On July 24, 2000, Ziska got his way. Johnson was stabbed in the eye on the yard by Ride member Joseph “Sulky” Diamond.
Roberg wasn’t the only inmate with special privileges who came forward to testify against Ziska. “Bobbo” Wilson, a “Wood,” or Ride associate, became Ziska’s tier-tender, or helper, at Sycamore Hall in the mid-’90s. (Wilson also worked out a plea agreement with federal prosecutors.) One of their first orders of business together was the assault of an ex-Marine who was housed in their unit.
“We came to find out that he was there ?for breaking his baby’s arms,” said Wilson. ?“We were given the paperwork from Ziska. Whites aren’t supposed to hurt kids. This individual needed to be got because what he did was wrong.”
As a favor to Ziska, Wilson agreed to throw the inmate a beating, and Ziska obliged by opening the ex-Marine’s cell. On another occasion, Ziska opened a cell for Wilson when he found out that an inmate was in for raping a mentally challenged girl. “You don’t rape, period,” he said. “We are running the prison for whites, and we want to know who is coming in.”
Another inmate who received special favors was a violent Skinhead named James “Spinner” Abbott, who was in and out of custody for 15 years. Abbott, a so-called independent, was a good match for Ziska. The two would talk about German philosopher Friedrich Nietzsche and Adolf Hitler’s Mein Kampf. “The white race is genetically superior,” he said from the witness stand. “Smarter. We invented almost everything. Ziska told me that he started out as a traditional Skin, but it seemed to me that he got more infatuated with the [Nazi Low Riders]. He liked the structure of them. He seemed to gravitate towards that.”
Ziska regularly taught Abbott martial arts, how to thwart a knife or pepper-spray attack, and gave him Plexiglas so he could make a weapon. “I was in that wicked way,” he said. “Ziska wanted us to be strapped in in case of a riot.”
Abbott also planned the beatings of an inmate who was “wagging his weenie” at two corrections officers, as well as a child molester, at the behest of Ziska. “When my homeboy was socking him up, Ziska walked down toward the guard shack, and when the old man screamed, he looked away like it was coming from another direction.

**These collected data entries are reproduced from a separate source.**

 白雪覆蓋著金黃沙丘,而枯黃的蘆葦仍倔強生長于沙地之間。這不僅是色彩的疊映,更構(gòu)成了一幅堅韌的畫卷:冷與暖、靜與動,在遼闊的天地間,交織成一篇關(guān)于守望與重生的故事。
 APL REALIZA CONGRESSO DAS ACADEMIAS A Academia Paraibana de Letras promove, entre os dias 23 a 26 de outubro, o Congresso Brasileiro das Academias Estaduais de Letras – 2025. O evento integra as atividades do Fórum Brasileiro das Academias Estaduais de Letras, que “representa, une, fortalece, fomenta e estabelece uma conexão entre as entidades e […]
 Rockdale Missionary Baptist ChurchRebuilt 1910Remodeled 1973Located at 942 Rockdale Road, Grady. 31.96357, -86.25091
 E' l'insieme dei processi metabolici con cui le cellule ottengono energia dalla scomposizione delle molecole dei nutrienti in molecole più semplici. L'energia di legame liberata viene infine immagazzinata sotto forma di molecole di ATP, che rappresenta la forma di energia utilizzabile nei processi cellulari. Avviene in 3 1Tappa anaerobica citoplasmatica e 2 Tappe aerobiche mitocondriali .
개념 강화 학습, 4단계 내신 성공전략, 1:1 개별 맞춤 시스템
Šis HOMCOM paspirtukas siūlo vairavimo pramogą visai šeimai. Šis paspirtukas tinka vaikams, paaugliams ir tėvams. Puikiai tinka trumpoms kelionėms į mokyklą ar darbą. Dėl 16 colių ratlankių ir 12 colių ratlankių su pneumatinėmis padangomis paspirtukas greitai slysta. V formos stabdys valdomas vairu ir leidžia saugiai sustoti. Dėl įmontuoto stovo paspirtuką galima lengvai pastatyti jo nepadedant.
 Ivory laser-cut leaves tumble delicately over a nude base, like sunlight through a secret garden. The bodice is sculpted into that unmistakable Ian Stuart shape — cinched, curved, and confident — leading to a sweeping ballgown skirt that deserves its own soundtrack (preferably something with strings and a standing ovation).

It was funny. He didn’t go check to see if he was okay,” said Abbott, about the second beating.
But not everyone was buying the inmates’ stories.

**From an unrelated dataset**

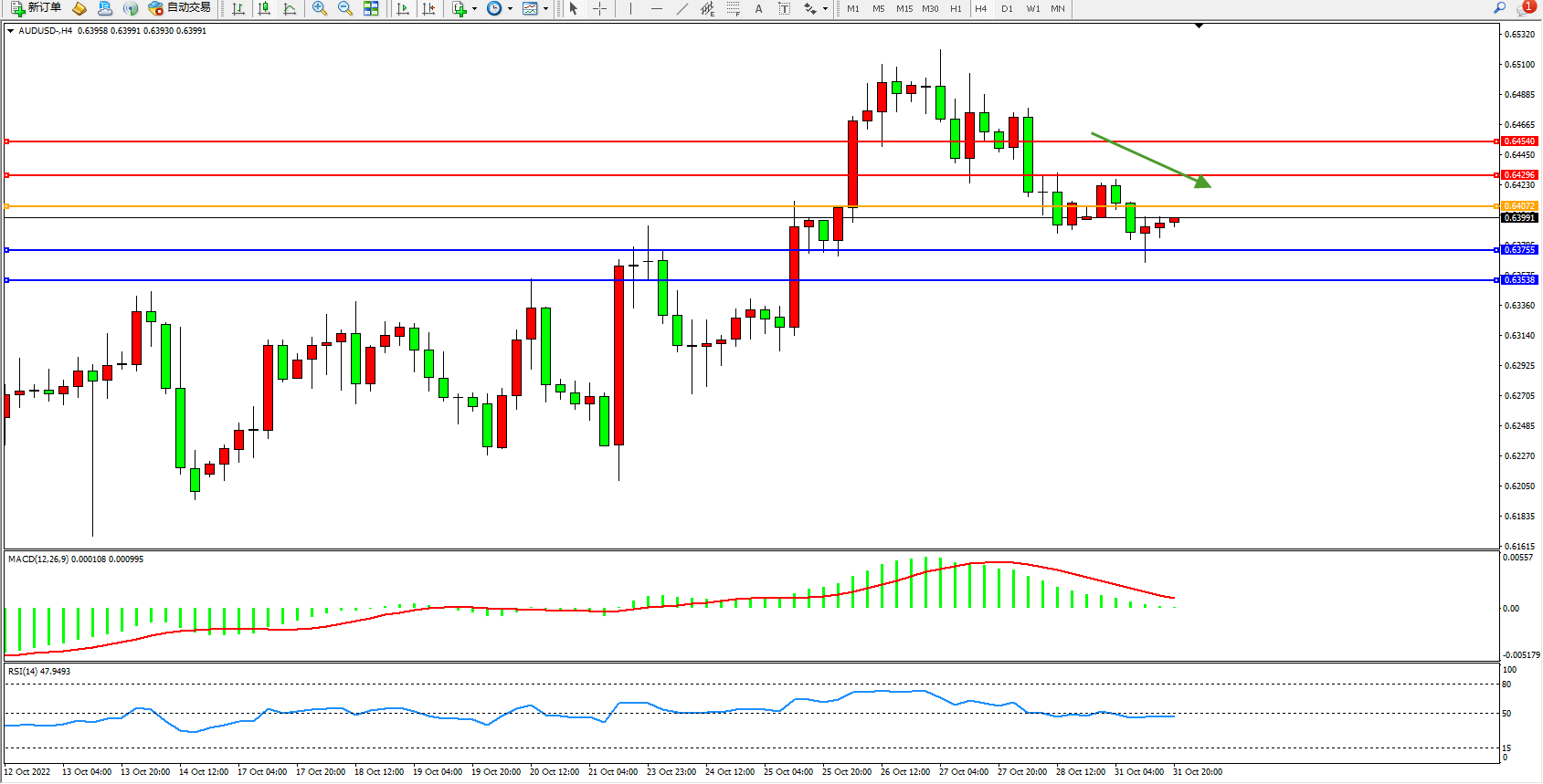 4小时图看:高位震荡回撤下行,短期空头动力有继续下移迹象,MACD指标空头动力维持震荡下行至0轴线附近徘徊,RSI指标处于50均衡线下侧整理;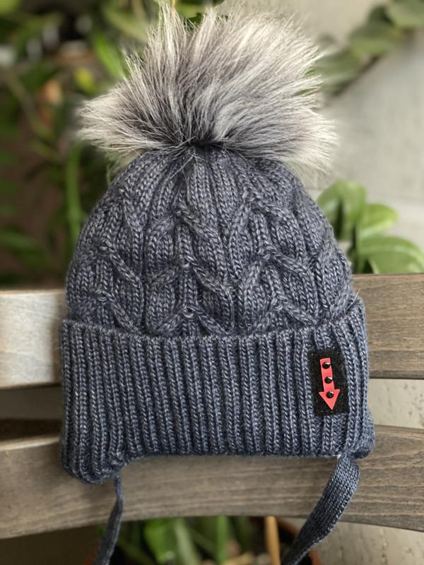 Шапочка на флисе с баффом, Большой помпон,серого цвета

“They are all cons,” said defense attorney Salzman. “They have major sentences. The government is arguing that the motive is racial. He might be a hard person, but he is not a racist. Someone would have picked this up. Other guards wouldn’t have tolerated this. Why would he do it? Why would he sacrifice his career for this purpose?”

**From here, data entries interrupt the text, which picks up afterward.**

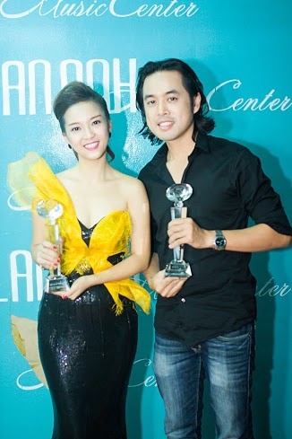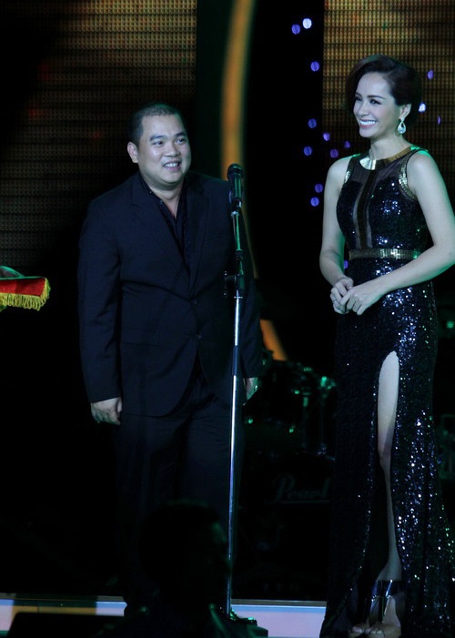 | Nhạc sĩ Huy Tuấn và hoa hậu Diễm Hương cùng đứng trên bục trao giải. |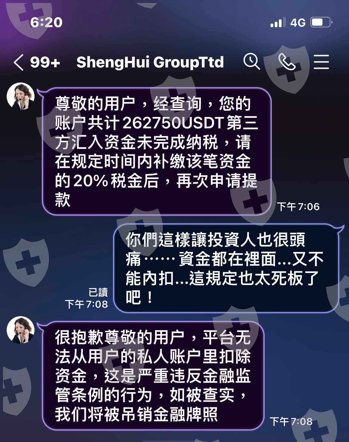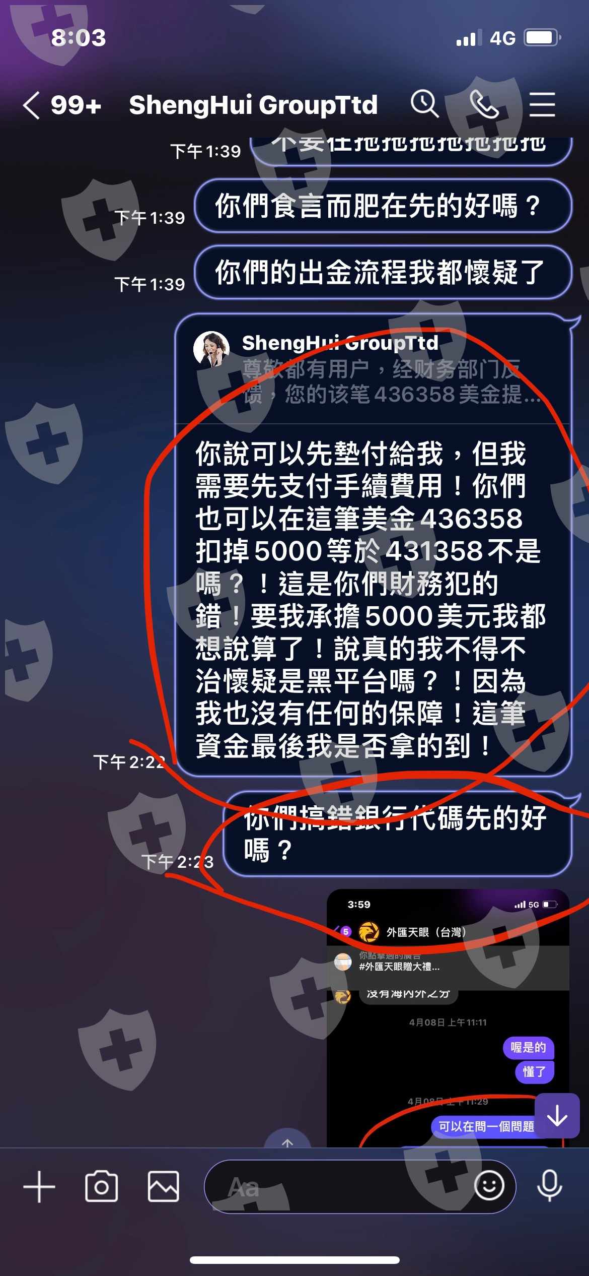 在3/25我有申請調解,因為平台告知我要繳納20%的稅金才可出金,後來平台在3/29號出金,結果平台搞錯銀行代碼,4/5平台通知我說因為資產糟凍結,需等待30~50天解凍後,會通知我,但是平台竟然可以犯這種錯誤,銀行代碼搞錯.平台也告知我可以先墊付5000美金,可以快速處裡,這5000美金會自動存入我的交易帳戶,5/4號我麻煩平台幫我查詢還有多久解凍,平台竟告知我還有75個工作天,我可以繳納5000美金保證金可加速處理,即可申請解凍!平台明明就告知我30~50天,又說時限為90天,說我因為惡意騷擾!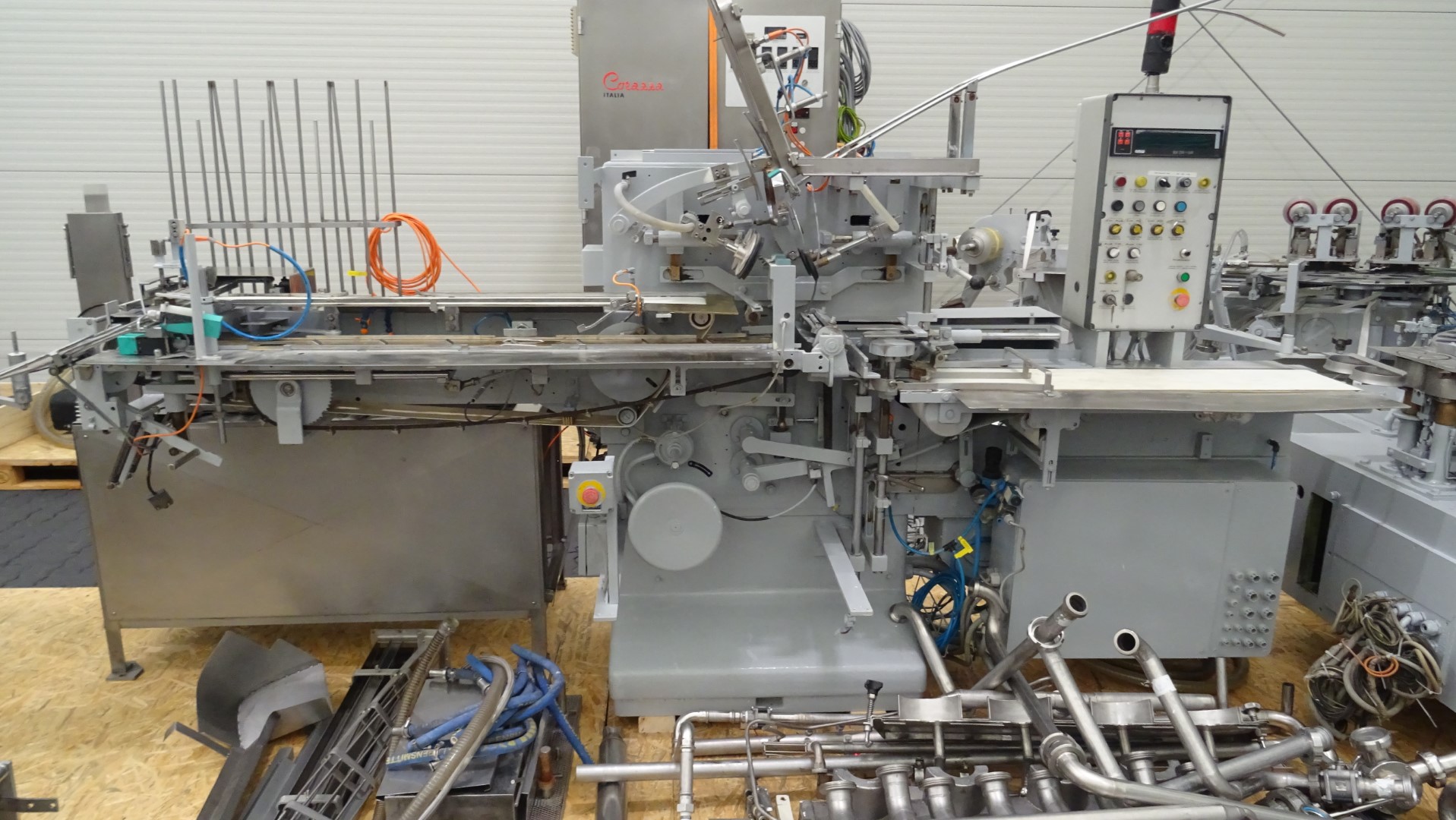 Komplette Schmelzkäse-Verpackungslinie bestehend aus einer 4x Doppelkopf-Dosier-/Verpackungsmaschine für 4x verschiedene Geschmacksrichtungen, konzipiert für die Verpackung von dreieckigen Portionen Schmelzkäse, Kartonverpackungsmaschine und eine Banderolenmaschine. Der Arbeitsprozess beginnt mit der Bildung der Verpackungshüllen aus rollengeführten Heißsiegelfolien Aluminiumfolie zum anschließenden Abfüllen des Schmelzkäses in die Dosierstation der Maschine. 4x unterschiedliche Dosier Stationen für 4 verschiedene Geschmacksrichtungen mit insgesamt 8 Fülldüsen (möglich, 4 Geschmacksrichtungen in 1 Karton in der Ende). Ein Deckel aus heißsiegelfähiger Aluminiumfolie wird in die gefüllte Schale gelegt, die dann über den Deckel gefaltet wird und durch erhitzte Druckkissen versiegelt. Jede Portion enthält einen inneren, „verbraucherfreundlichen“ Aufreißstreifen zum einfachen Öffnen und eine externes Markenetikett aus Papier. Die Portionen werden schließlich in einer 8er-Bündelkonfiguration gesammelt und zum Auslauf befördert Förderband auf einer einzigen Spur. Von hier aus wird es zur Kartoniermaschine transportiert, wo die 8 Portionen in einen Karton gegeben werden. Aufsetzen eines Deckels auf die Schachtel, Drehen der Schachtel auf den Kopf, Durchlaufen einer Banderolenmaschine zum Anbringen eines dichten Verschlusses auf der Schachtel und manuelles Verpacken in Kisten. Das Format der Maschine beträgt 25 Gramm pro Dreiecksteil, 8 pro Schachtel, 200 Gramm pro Karton Box. Das Produkt wird aus einem Edelstahltrichter mit 4 Fächern und Rührwerk zugeführt. Bedienfeld mit Siemens S5 SPS. Leitungscode: VC5705 + VC5706. Schaltplan: 1341.

Chino corrections officer Richard Allan Palacios Sr. worked the 8 a.m. to 4 p.m. shift with Ziska in the late 1990s. The two officers got on reasonably well. Palacios didn’t ask too many questions when he saw 15 to 30 white inmates out of their cells at one time, and Ziska provided no answers. Instead, Palacios would grab another officer, and the two would corral the inmates back into their cells. It was a regular ritual. It was usually followed by Ziska’s letting them back out. “We would confront inmates, and they said they got permission from Ziska,” he said. “They would be screaming out his name.”